The 2021 NFL draft is getting closer, and I’ll be spending most of my time over the next two months digging through tape and talking with NFL scouts as I begin to finalize my prospect evaluations for this year’s class. And what a talented class it is, starting with an elite quarterback prospect.

Of course, with numerous 2020 college football season opt-outs and uneven game tape across the class, the pre-draft process has been especially complicated this year. It gets more complicated without the traditional scouting combine, which has largely been disbanded this spring. Teams instead will fixate on pro days and player interview opportunities in the leadup to the draft. But even without the combine looming, our rankings are far from complete, and I expect the board to continue to shift as we near April 29, when the first name will be called.

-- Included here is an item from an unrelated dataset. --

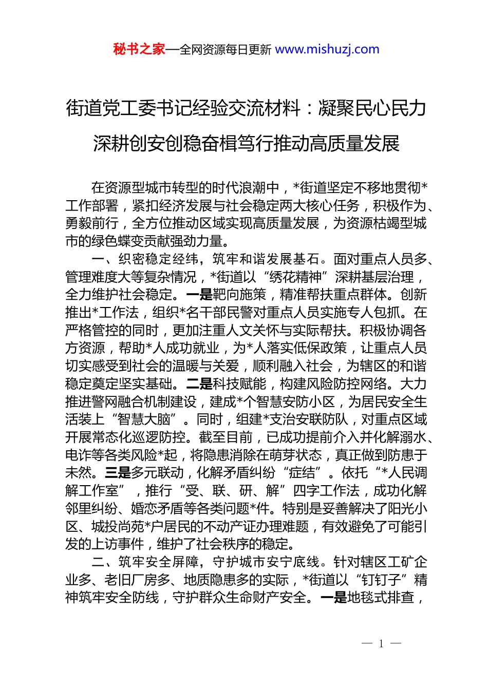 秘书之家—全网资源每日更新 www.mishuzj.com街道党工委书记经验交流材料:凝聚民心民力深耕创安创稳奋楫笃行推动高质量发展在资源型城市转型的时代浪潮中,*街道坚定不移地贯彻*工作部署,紧扣经济发展与社会稳定两大核心任务,积极作为、勇毅前行,全方位推动区域实现高质量发展,为资源枯竭型城市的绿色蝶变贡献强劲力量。一、织密稳定经纬,筑牢和谐发展基石。面对重点人员多、管理难度大等复杂情况,*街道以“绣花精神”深耕基层治理,全力维护社会稳定。一是靶向施策,精准帮扶重点群体。创新推出*工作法,组织*名干部民警对重点人员实施专人包抓。在严格管控的同时,更加注重人文关怀与实际帮扶。积极协调各方资源,帮助*人成功就业,为*人落实低保政策,让重点人员切实感受到社会的温暖与关爱,顺利融入社会,为辖区的和谐稳定奠定坚实基础。二是科技赋能,构建风险防控网络。大力推进警网融合机制建设,建成*个智慧安防小区,为居民安全生活装上“智慧大脑”。同时,组建*支治安联防队,对重点区域开展常态化巡逻防控。截至目前,已成功提前介入并化解溺水、电诈等各类风险*起,将隐患消除在萌芽状态,真正做到防患于未然。三是多元联动,化解矛盾纠纷“症结”。依托“*人民调解工作室”,推行“受、联、研、解”四字工作法,成功化解邻里纠纷、婚恋矛盾等各类问题*件。特别是妥善解决了阳光小区、城投尚苑*户居民的不动产证办理难题,有效避免了可能引发的上访事件,维护了社会秩序的稳定。二、筑牢安全屏障,守护城市安宁底线。针对辖区工矿企业多、老旧厂房多、地质隐患多的实际,*街道以“钉钉子”精神筑牢安全防线,守护群众生命财产安全。一是地毯式排查,— 1 —秘书之家—全网资源每日更新 www.mishuzj.com消除安全隐患“死角”。深入开展安全生产治本攻坚三年行动,建立常态化巡查机制,对*家煤矿、*家重点企业、*家*场所进行全面造册管理。*名干部点对点包抓,确保隐患排查无死角,真正做到事事有人管、时时有人盯、人人有责任、处处有保障。二是闭环式整改,确保隐患彻底“清零”。推行分类理、建清单、定措施、分级管、闭环改“五步工作法”,综合运用人防、技防、工程防、管理防“四防”措施,对*个隐患点进行分类整改。通过严格的整改流程和监督机制,确保隐患得到彻底消除,为城市安全保驾护航。三是实战化演练,提升应急处突“硬实力”。地企联动组建*支救援队伍,修订*个应急预案,并开展*次实战演练。在去年*月*日的强降雨灾害中,街道迅速启动应急预案,仅用*小时就成功疏转安置群众*人,实现“零伤亡”抢通泥石淤积隧道,充分彰显了高效的应急处置能力。三、厚植民生底色,提升群众幸福成色。*街道始终秉持“民生为大、民生为要”的理念,用心用情用力办好民生实事,不断提升群众的幸福指数。一是绿色蝶变,绘就生态宜居新画卷。按照分块美化、整体恢复的思路,实施架空线缆整治等十大专项行动。整合资金*亿元,完成*个生态项目,建成*个主题游园,打造*公里生态廊道,成为宜居宜业的新城区。二是精准服务,托起老年群体“夕阳红”。针对老年人占比*%且多集中在老旧小区的现状,实施拆危治乱、旧房换新居工程,改造提升*个老旧小区,拆迁安置*户居民,惠及*位老人。打造*助老服务品牌,建成街道养老服务中心和社会福利院,开展*场次关心关爱活动,让老年人安享幸福晚年。三是访民问暖,解决群众“急难愁盼”。扎实做好“冬病夏治”,新铺设供暖管网*公里,改造提升老旧管网*公里,分户改造*户。深入开展“访民问暖”活动,通过干部走访、群众反馈,及时解决暖气不热、跑冒滴漏等*个问题,使供暖问题投诉同比下降*%,让群众温暖过冬。— 2 —秘书之家—全网资源每日更新 www.mishuzj.com前路有光,未来可期。*街道将持续深化*工作部署,不断优化工作举措,强化服务功能,在经济发展与社会稳定的道路上稳步迈进,为资源枯竭型城市的绿色转型和高质量发展续写新的辉煌篇章。— 3 —

But with that said, here is my most recent evaluation of the top 32 players in the class, updated from my Dec. 30 edition. We will provide updates right through until the week of the draft.

Note: Underclassmen are marked with an asterisk, and grades are from Scouts Inc.

HT: 6-foot-6 | WT: 220
Grade: 97 | Previous rank: 1

Lawrence is the best quarterback prospect I’ve seen come out of college since Andrew Luck was drafted by the Colts in 2012. Lawrence’s intangibles are high-end, and I love his huge arm and the mobility he brings at his size. He’ll need a little refining with his pocket presence, but this kid is the real deal. He had 24 passing touchdowns, 3,153 yards through the air and a 69.2% completion percentage while throwing only five interceptions in 10 games this past season. He also had eight scores on the ground. Lawrence is recovering from surgery on his non-throwing shoulder but is expected to be ready for NFL training camp this summer.


HT: 6-0 | WT: 208
Grade: 94 | Previous rank: 5

The 2019 Biletnikoff Award winner tallied 1,780 yards and 20 scores through the air for LSU during that season before opting out in 2020. He is explosive off the line, a smooth route runner and tough in the open field. His body control stands out, and his speed is solid.


HT: 6-6 | WT: 330
Grade: 94 | Previous rank: 2

Sewell gave up only one sack during 2018 and 2019 combined, starting 20 games along the way, but he opted out of this past season. Sewell is massive in pass protection and plays a disciplined game. He has the feet to excel as a zone blocker and the power to move defenders in the run game. Sewell has rare upside and can be a starter from day one in the NFL.


HT: 6-3 | WT: 244
Grade: 93 | Previous rank: 3

Parsons had 109 tackles in 2019, including 14 for loss, and forced four fumbles. He’s long and is pretty good in coverage, with plenty of range. He is an above-average tackler and shows the burst to shoot gaps and be disruptive in run defense. Parsons also has the instincts and speed to blitz, tallying five sacks in 2019. Another 2020 opt-out, he will need work in getting off blocks at the next level, but consider him a day one starter in the NFL.


HT: 6-3 | WT: 210
Grade: 93 | Previous rank: 8

Wilson navigated his Cougars to an 11-1 record by completing 73.5% of his passes (second in the country) for 3,692 yards (third in the country), 33 touchdowns (third) and three interceptions. If that weren’t impressive enough, Wilson also had 10 rushing TDs. He threw for 425 yards and three scores in the RoofClaim.com Boca Raton Bowl. I love Wilson’s competitiveness and toughness in the pocket, and he has a high-end ability to extend plays. His deep-ball accuracy is also outstanding.


HT: 6-6 | WT: 239
Grade: 93 | Previous rank: 6

Pitts sets up as a versatile matchup in the NFL with great size, a big catch radius and the hands to produce. In only eight games this season, he had 770 receiving yards on 43 catches and found the end zone 12 times, tied for the third-most scores in the FBS. The junior amassed 170 yards and four end zone trips in the Gators’ opener in September, and he piled on three TDs in November’s meeting with Kentucky. And he went over 120 yards on seven catches in each of his final two games.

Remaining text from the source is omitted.